Officer: <writes ticket, walks away> [Tell it to the judge.]
Greding did tell it to the judge, or a hearing officer, anyway, and lost. He’s appealing.
So who’s right? I actually think both sides have a plausible argument, which I think comes down to the notice issue: Can you legally be punished for parking somewhere if there’s no sign? The officer might plausibly think the law is the law whether or not it’s posted, and Greding might plausibly think that at least in this case, it does have to be posted. Ideally, we would have a written rule to settle this dispute, and it turns out Santa Barbara does.

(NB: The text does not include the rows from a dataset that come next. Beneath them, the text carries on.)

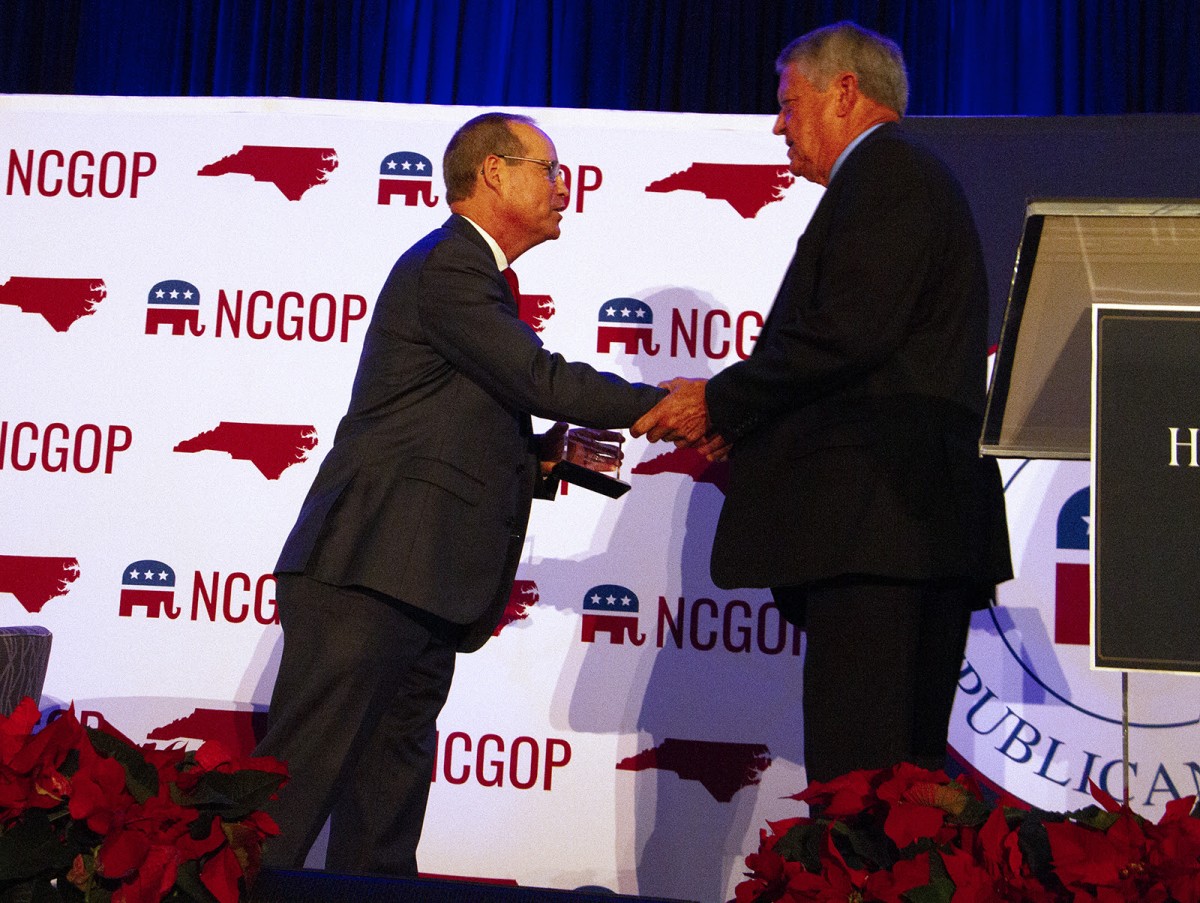 Congressman Greg Murphy (NC-3), left, presents State Senator Norman W. Sanderson (R-District 2), right, with the N.C. Republican Party Hall of Fame plaque during a celebration banquet in Raleigh, N.C., Saturday, December 4, 2021.
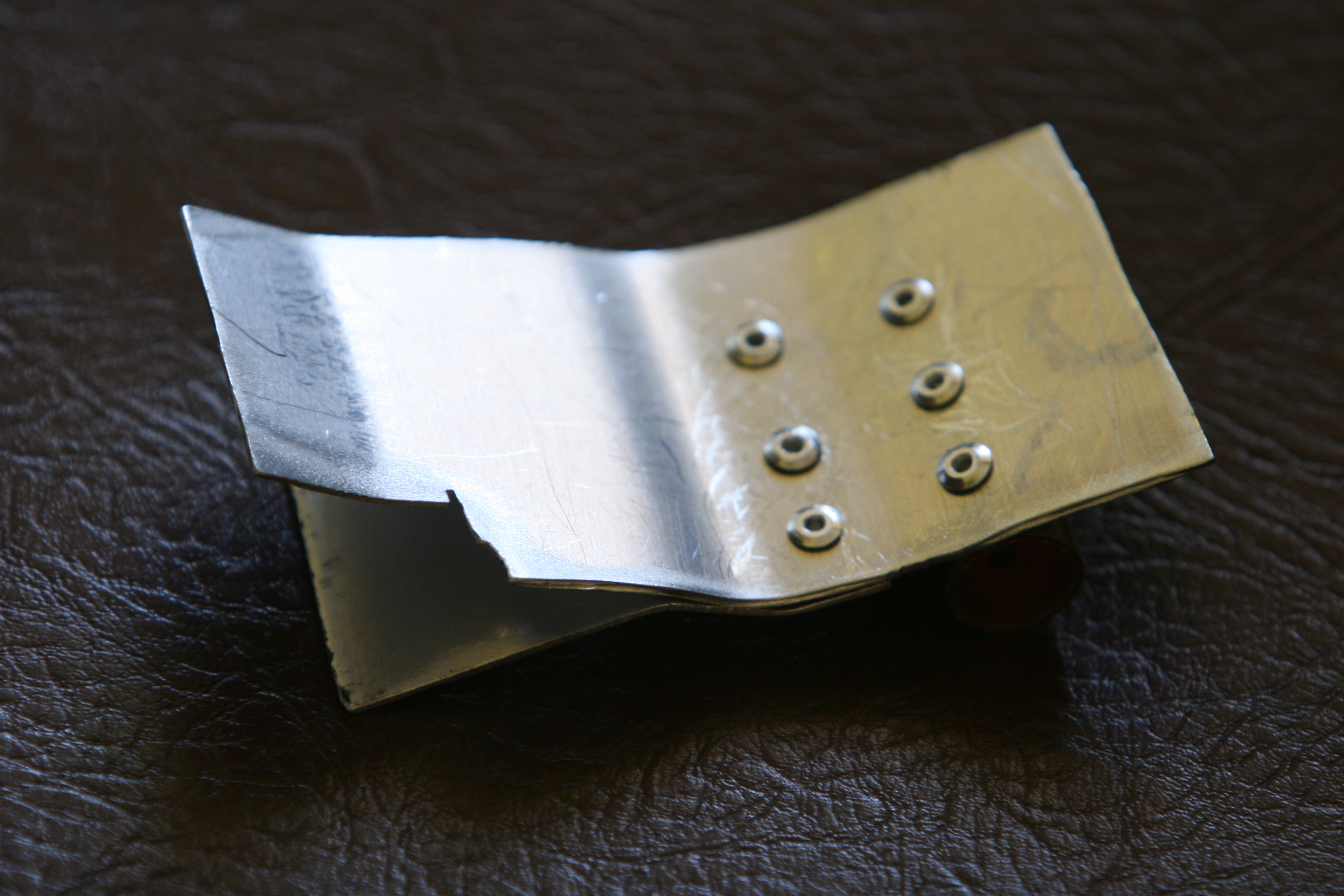 in a gap not covered by the plastic cover. In about 20 minutes I came up with the aluminum cover below to close the gap.
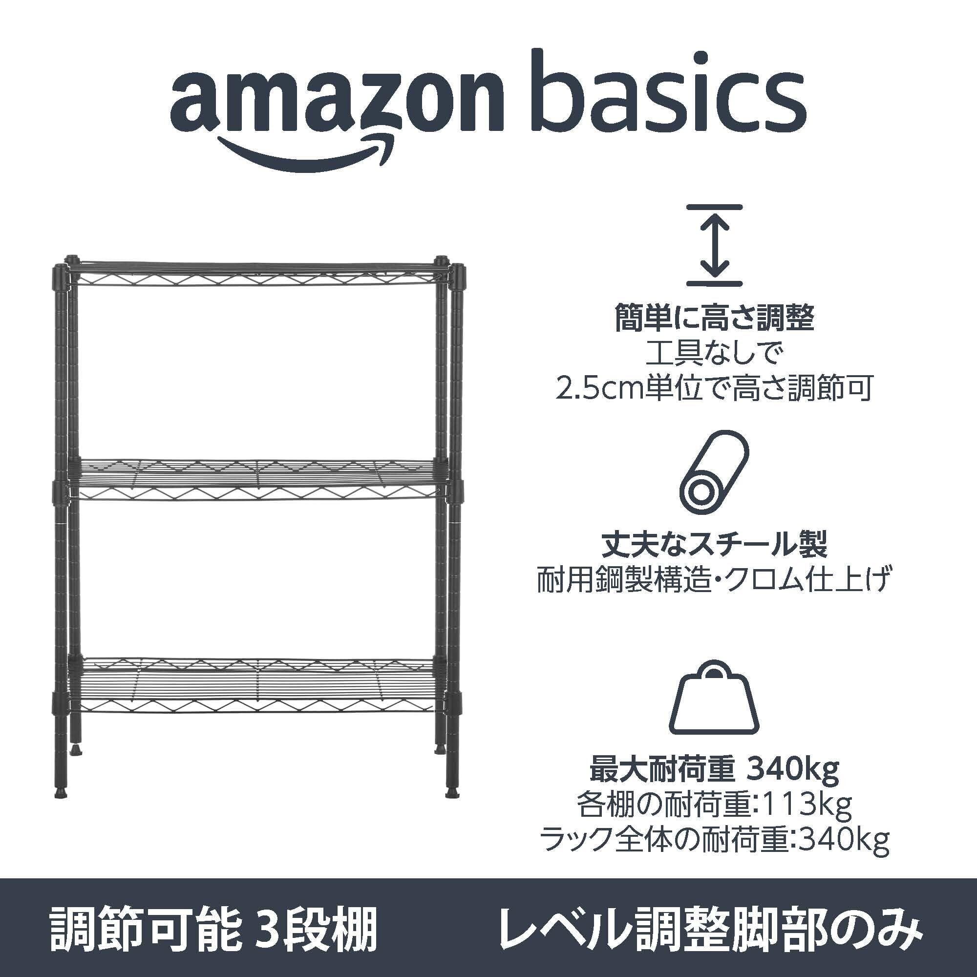 Amazonベーシック 3段スチールラック 棚 メタルラック 耐荷重340kg 幅58.9×奥行34×高さ76.2cm ブラック
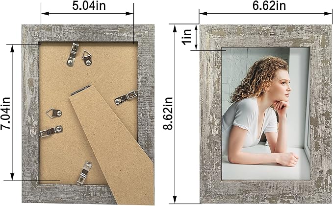 - 【Material】 Rustic 5x7 picture frame set made of MDF is very durable and the Real glass with high clarity, protecting your photos from dust, moisture and scratches.
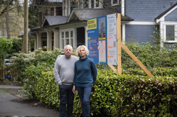 Liesbeth and Yves Thoraval live on 11th Ave., in a house built in 1911, immediately next door to a proposed tower. If approved, the tower’s underground parking entrance and commercial loading would run alongside their front yard.Tijana Martin/The Globe and Mail
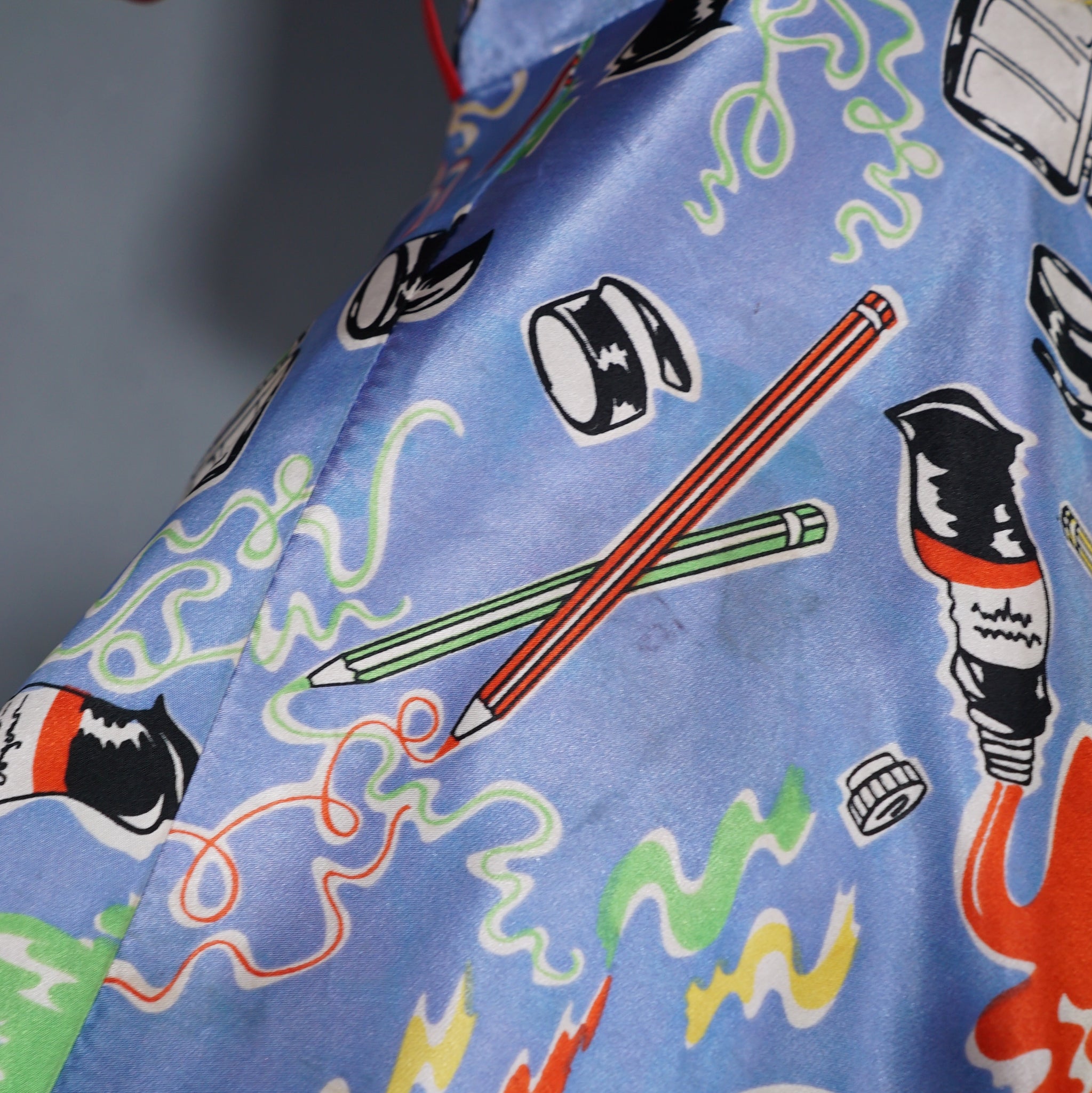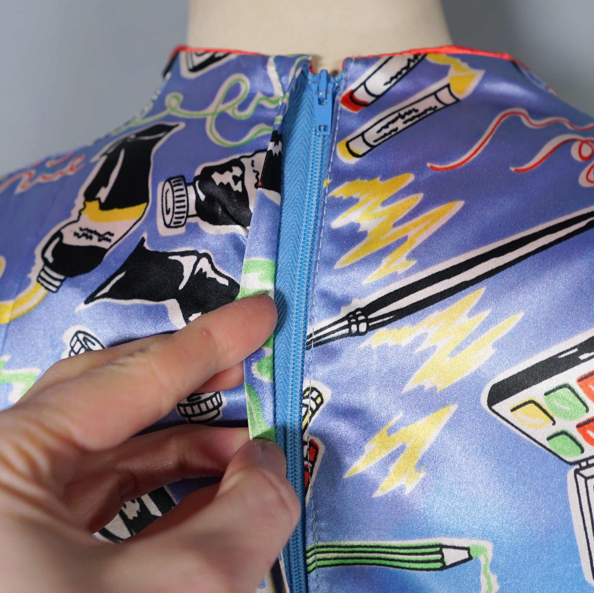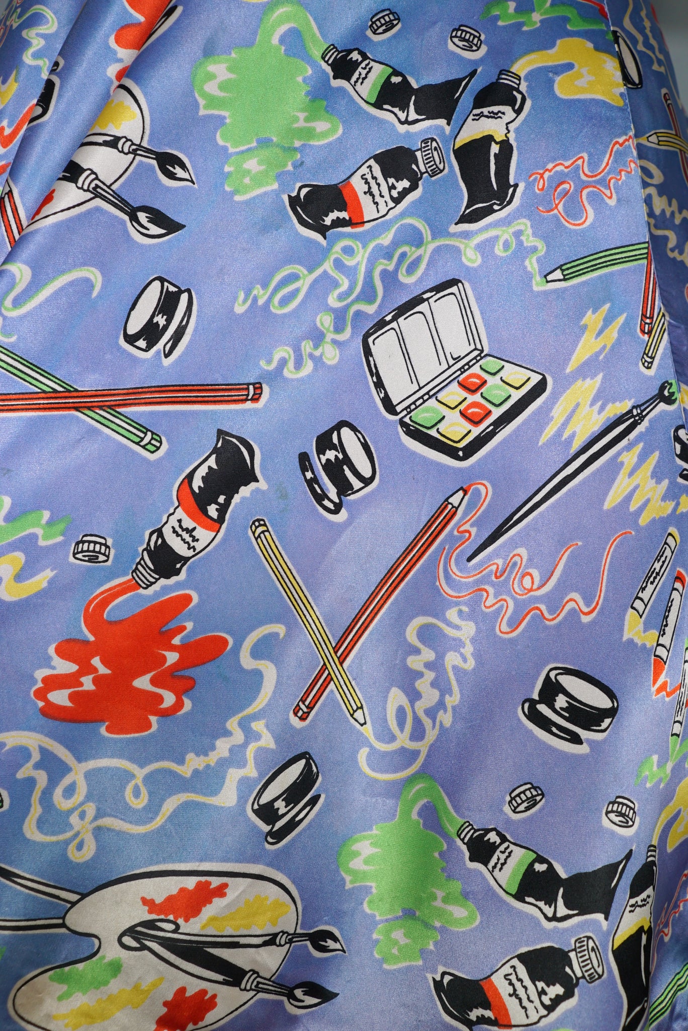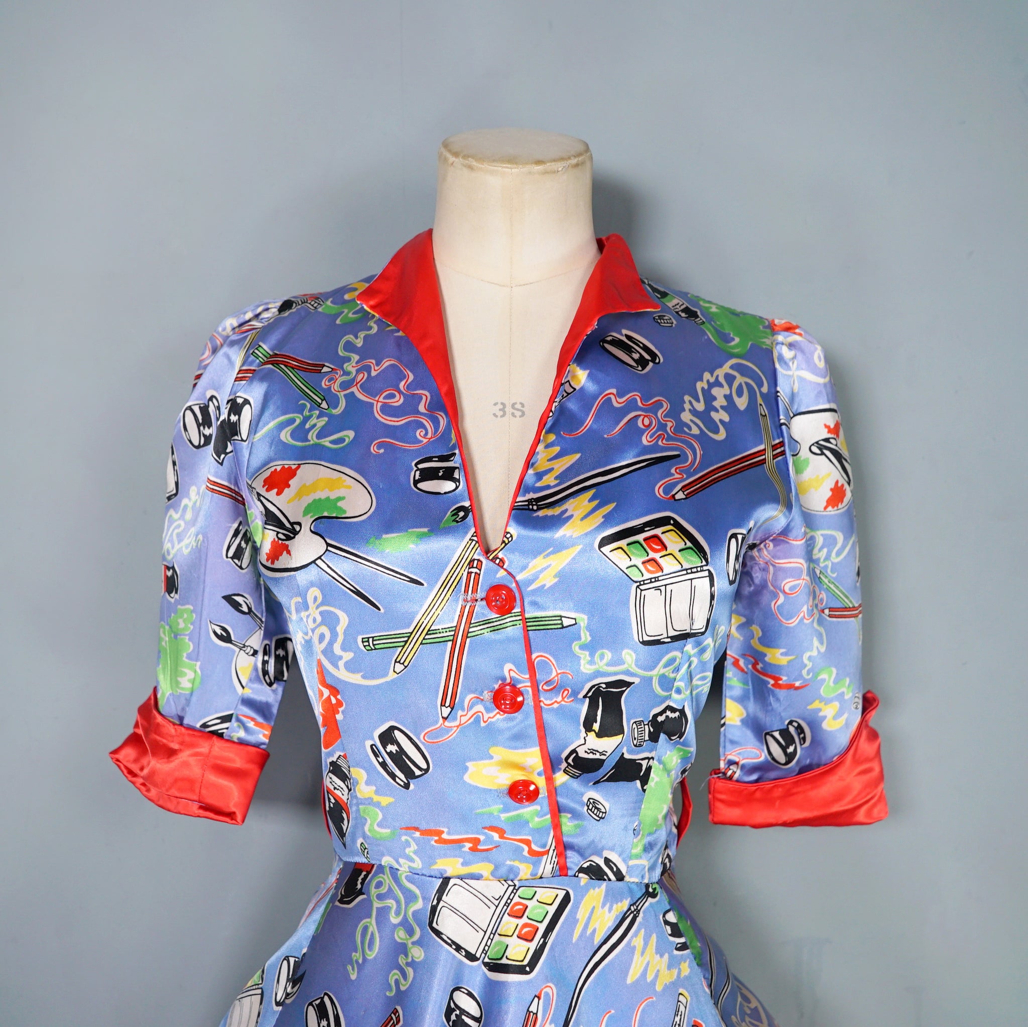 Very rare "Miss Mouse" iconic 70s novelty dress in a 50s diner style with the most amazing painter's print of paint tubes, pencils and palettes. Soft light blue shade with colourful pritn and bright red trims to the neck and turn up cuffs. Bodice is fitted and has a v-neck and three small slightly slanted buttons to fasten the front. Fitted waistband with belt loops but no belt. Full flippy skirt with red trimmed hem, not quite full circle, but close. Back metal zip to fasten. Fabric is a synthetic satin, crisp and glossy.
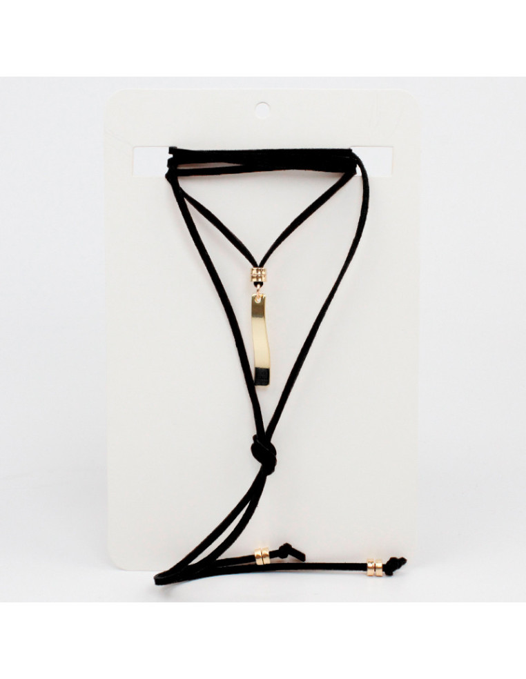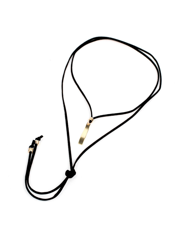 Collar de gamuza de múltiples vueltas, con dije de fundición dorado y terminales en punteras. Medida: 140cm de largo.

Under its Municipal Code, “[n]o provision … for which signs are required shall be enforced against an alleged violator unless appropriate signs are in place and sufficiently legible to be seen by an ordinarily observant person, giving notice of such provisions of the traffic laws.” Section 10.12.050. I think parking signs are “required” because of various other sections and (I would argue) also because of the constitutional “right to travel“—or not travel—anywhere you damn well please unless the government specifically precludes it and has a rational basis for doing so. And notice that under the ordinance it doesn’t matter whether the alleged violator actually knew—it’s an objective test. The sign’s gotta be “in place.”
So if I were Dan, I’d argue that “under section 10.12.050, the 75-minute rule can’t be enforced against me because appropriate signs were not yet in place. I know, because I was the one putting them up. Even counting the ones I just put up, I had 55 minutes left.”
I’d also argue (as me this time) that the sort of nonsensical debate above is often short-circuited, or should be, by common sense. Dan had the right argument to begin with, and the officer should have realized how absurd it was to give the sign-installer a ticket. The fact that he didn’t is good news for me (and maybe some other lawyers too), but it sure is a waste of everybody else’s time.